Our clinical statement includes tables for sequencing and copy number variants that include basic variant information (genomic coordinates, HGVS nomenclature, zygosity, allele frequencies, in silico predictions, OMIM phenotypes and classification of the variant). In addition, the statement includes detailed descriptions of the variant, gene and phenotype(s) including the role of the specific gene in human disease, the mutation profile, information about the gene’s variation in population cohorts and detailed information about related phenotypes. We also provide links to the references, abstracts and variant databases used to help ordering providers further evaluate the reported findings if desired. The conclusion summarizes all of the existing information and provides our rationale for the classification of the variant.

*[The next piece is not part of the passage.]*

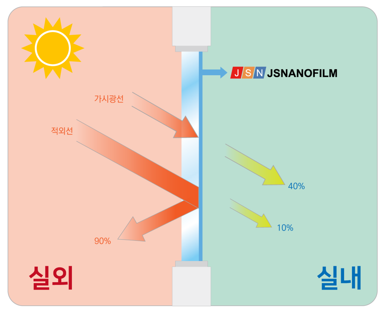 1. 내부로 투과되는 열량을 최소화하여 냉방기 효율 증대 및 에너지 절감이 가능

Identification of pathogenic or likely pathogenic variants in dominant disorders or their combinations in different alleles in recessive disorders are considered molecular confirmation of the clinical diagnosis. In these cases, family member testing can be used for risk stratification. We do not recommend using variants of uncertain significance (VUS) for family member risk stratification or patient management. Genetic counseling is recommended.
Our interpretation team analyzes millions of variants from thousands of individuals with rare diseases. Our internal database and our understanding of variants and related phenotypes increases with every case analyzed. Our laboratory is therefore well-positioned to re-classify previously reported variants as new information becomes available. If a variant previously reported by Blueprint Genetics is re-classified, our laboratory will issue a follow-up statement to the original ordering health care provider at no additional cost.